I would like the added guarantee to my users that their sensitive data is encrypted at rest. I am creating this issue to check if this is within the goals of kv-tookbox, because doing it correctly in a single place saves a lot of re-implementation, and helps consumers avoid doing crypto wrong, which is very easy to do.

Anyone wanting to encrypt is going to be storing blobs, regardless of what they started with, so naturally a blob library is sought, and they'll naturally arrive at kv-toolbox.

The interface I would expect is:

export async function set(
  kv: Deno.Kv,
  key: Deno.KvKey,
  blob: ArrayBufferLike | ReadableStream<Uint8Array> | Blob | File,
  options?: { expireIn?: number, encryptionKey?: string },
): Promise<Deno.KvCommitResult> {
  // 
}

Followed by some helper functions to generate a key in an acceptable form, probably jwk or similar.

Given that crypto is built in to deno, performance should be quite good.

[kitsonk]

Interesting suggestion... Let me think about a good way to handle this, as it does feel like a good feature to incorporate into kv-toolbox as a whole, not only blob support.

[inverted-capital]

Awesome !

In the meantime I will figure out a good plan for handling the encryption keys themselves in deno deploy. Storing the keys in an environment variable would defeat the purpose of the encryption protection if deno deploy was compromised at rest, since presumably the env vars are nearby the kv data.

[kitsonk]

Around key management, I was looking at Cloudflare Workers to see what they do just to see if my assumptions are correct, and based on that, I think what Deploy currently provides is sufficiently secure.

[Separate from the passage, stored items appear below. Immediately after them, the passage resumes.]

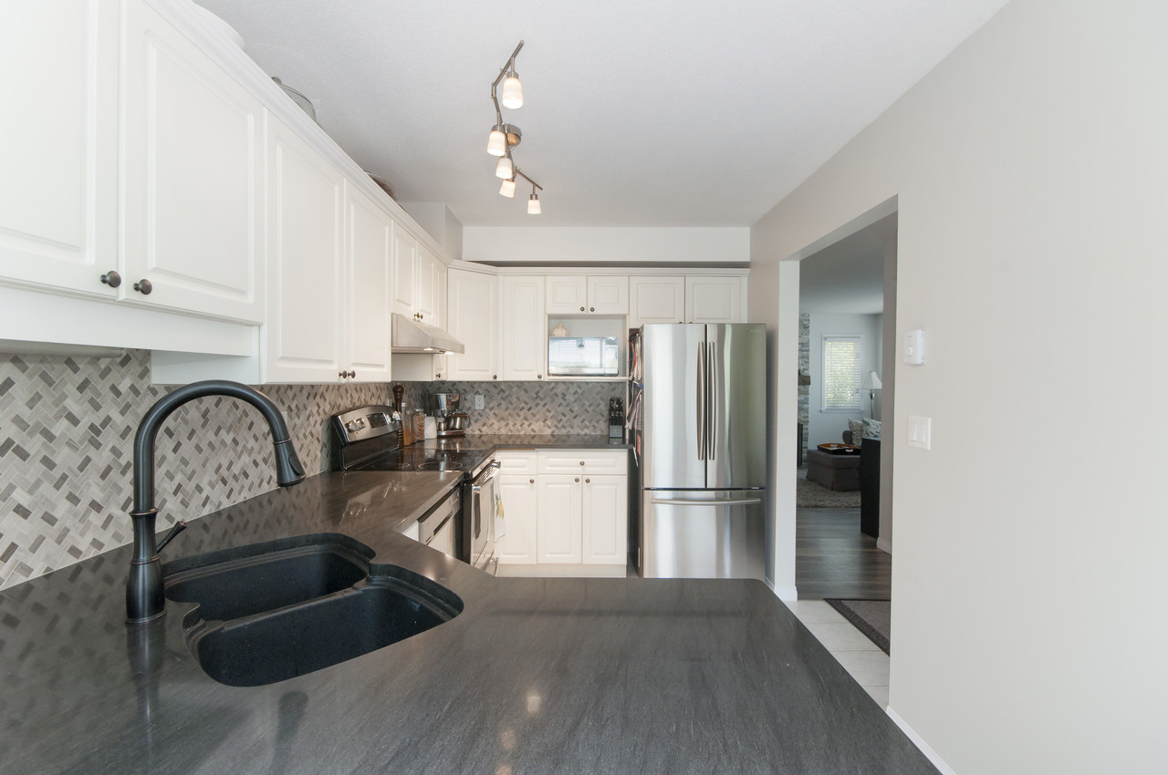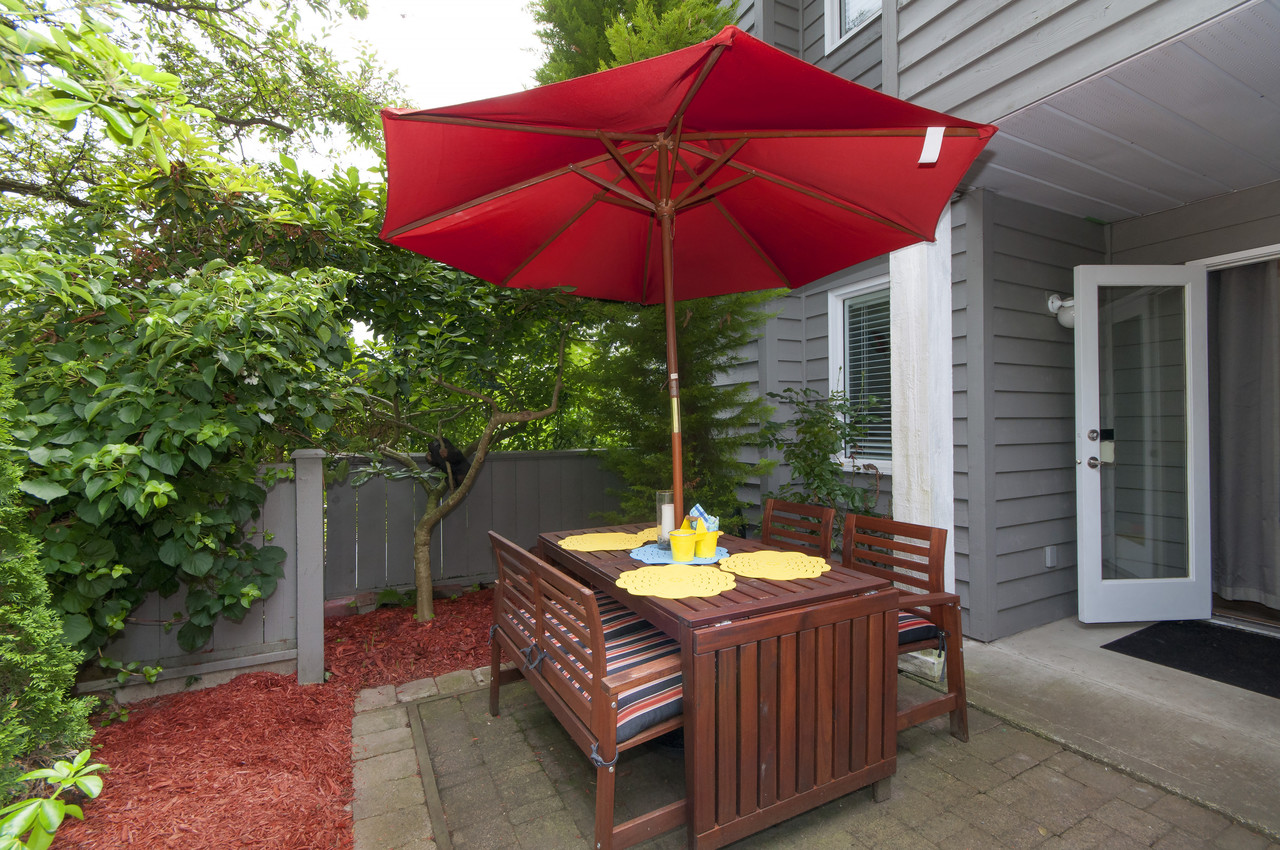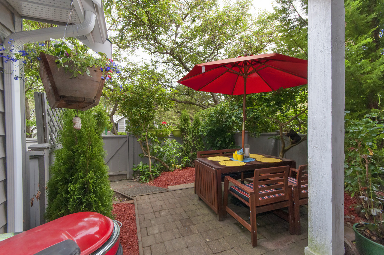 Newly renovated townhome with a private fenced in back patio for your dogs and kids. Main floor offers a huge kitchen with all new stainless steel appliances, granite counter tops and an eating area overlooking the herb garden. Living room has a gas fireplace and dining room's french doors open up to the outdoor entertaining area. Upstairs the Master bedroom suite has it's own sitting area that could easily be converted into a third bedroom, nursery or office. Both bedrooms have full ensuite bathrooms, and vaulted ceilings. This is an end unit townhome, just steps away from transit and shopping. Public open houses Tuesday June 20 10am-Noon & Saturday/Sunday June 24 & 25 2-4pm.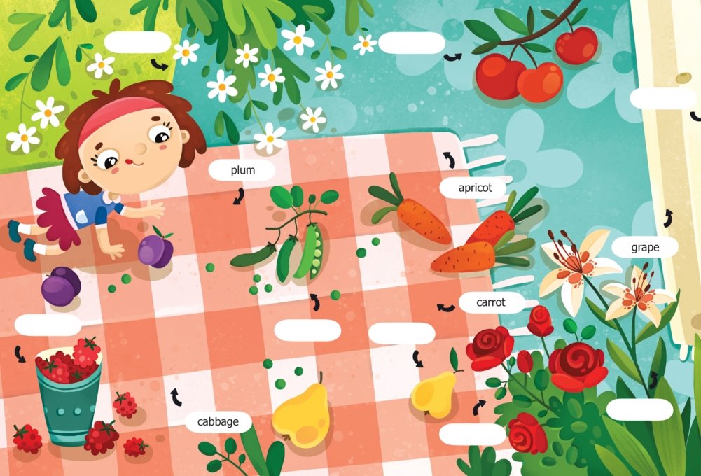 Первые слова. Английский язык. Что растет в моем саду? Обучающая книжка с наклейками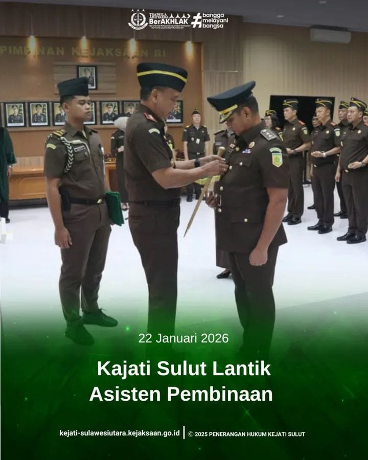 MANADO, Lintashukrimindonesia.com — Kepala Kejaksaan Tinggi Sulawesi Utara (Kejati Sulut) Jacob Hendrik Pattipeilohy, S.H., M.H. secara resmi melantik Fahri, S.H., M.H. sebagai Asisten Pembinaan Kejaksaan Tinggi Sulawesi Utara. Pelantikan tersebut merupakan bagian dari mekanisme organisasi Kejaksaan Republik Indonesia dalam rangka penguatan tata kelola internal serta optimalisasi pelaksanaan tugas kelembagaan.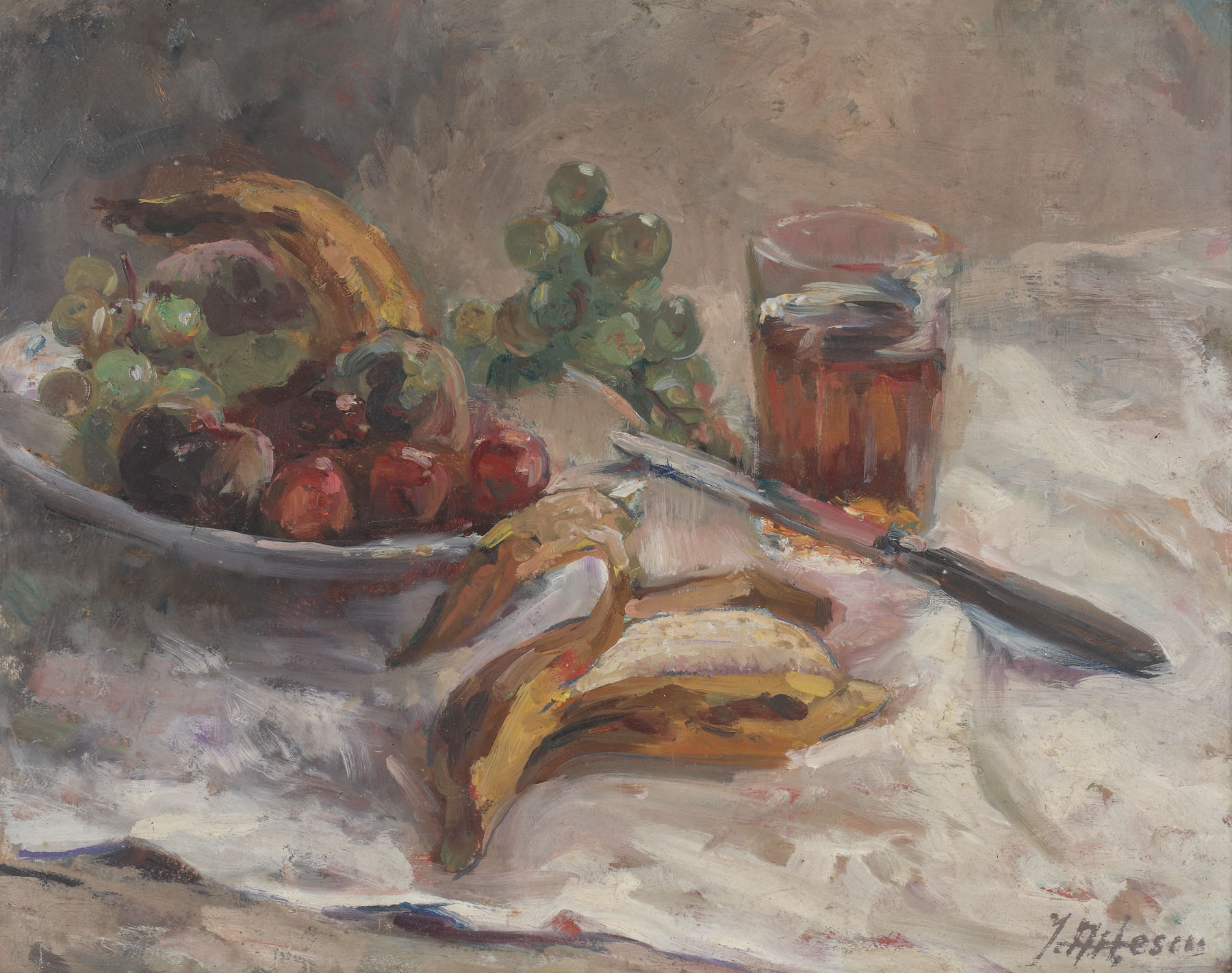337. Natură statică cu struguri, cuțit și pahar cu vin

Cloudflare Workers has two types of environment variables, "regular" ones and "secret" ones. Regular ones values can be viewed as part of the configuration for the project, while secrets are one way (similar to the way GitHub and other services manage secrets). Deploy only has the equivalent of "secrets".

This means the only way to exfiltrate an encryption key is to compromise an account that can make a deployment, overwrite the deployment with code the would log to the console and the retrieve the key that way. This means, even a compromised API key that could be used to connect to the KV store remotely would not be able to access the data, as well as the manually backed up data built into Deploy would not be decryptable.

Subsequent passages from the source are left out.